Devoted to the Reality of Jesus

Jesus entered Jerusalem on Palm Sunday to shouts of “Hosanna” and ‘Blessed is He who comes in the name of the Lord’ (John 12:13). The people adored Him spreading their coats and waving palm branches as he passed into the city. They heard the word from Bethany that he had raised Lazarus from the dead (John 12:17). He had resurrected Lazarus after four days in the grave!!! What a miracle! This must be the Messiah, the promised King of Israel, the one that would deliver them from Roman rule, restore their nation, and bring freedom after over 500 years of dominion by other nations. However, by Friday he was betrayed, denied, arrested, tried, convicted, scourged, and crucified. No crowds gathered at the cross. What happened! How could such adoration turn to antagonism? How could celebrating a king turn to crucifying a criminal?

What happened was a change in perspective, a change in the people’s perspective of who he was. When He said ‘my kingdom is not of this world’ (John 12:36) the perspective of the crowds and even some of the disciples changed. When he did not resist his own arrest perspectives changed. He would not deliver them from Roman rule. He would not restore their nation. You see the crowds adored their concept of a messiah, a king; but were not devoted to the reality of the messiah, the king. Adoration is based in emotion. People often adore TV personalities, a professional persona that is not reality. When the reality of that person’s life comes forth adoration is fleeting, and only a few are found devoted to the real person. Devotion is based in consecrated commitment to a deeper reality.

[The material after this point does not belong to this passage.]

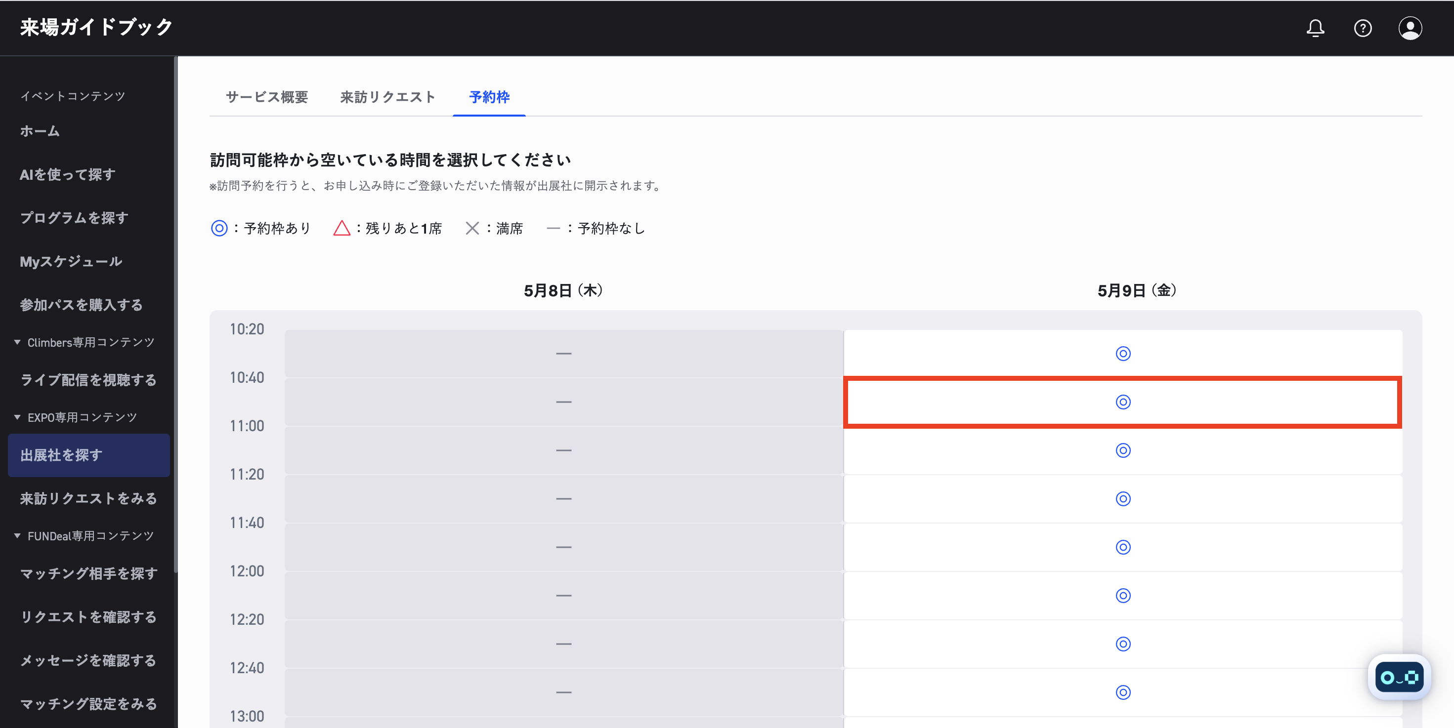 STEP 5 ブースを訪問する日時を選択する

In Christianity we are called to be devoted to the King and his kingdom. Paul said he desired that we ‘may live in a right way in undivided devotion to the Lord’ (1 Cor. 7:35b). Adoration, while carrying some emotional value in our soul, will not endure in tough times and challenging circumstances. The American church mindset adores the American concept of Jesus and His kingdom. It is a concept based on an emotional projection of who they think He is rather than the deeper reality of who He is. It is based in a cultural expectation of what they desire him to be, rather than who He is…one to be worshiped in Spirit and in Truth…one deserving of complete devotion and consecration in spite of circumstances or unanswered prayers.

The early church was devoted to Him and His kingdom. They devoted themselves to the apostles’ teaching, and to the fellowship, to the breaking of bread and to prayer (Acts 2:42). When we have single-minded devotion, our life rises above circumstances. It rises above Palm Sunday adoration. When we have focused consecration on His kingdom and His rule, we overcome unmet expectations and disappointments.

I challenge you today to be ‘devoted’ to the reality of the King of Kings and His kingdom. As we approach Resurrection Day, the reality of Jesus will be found in your devotion to Him.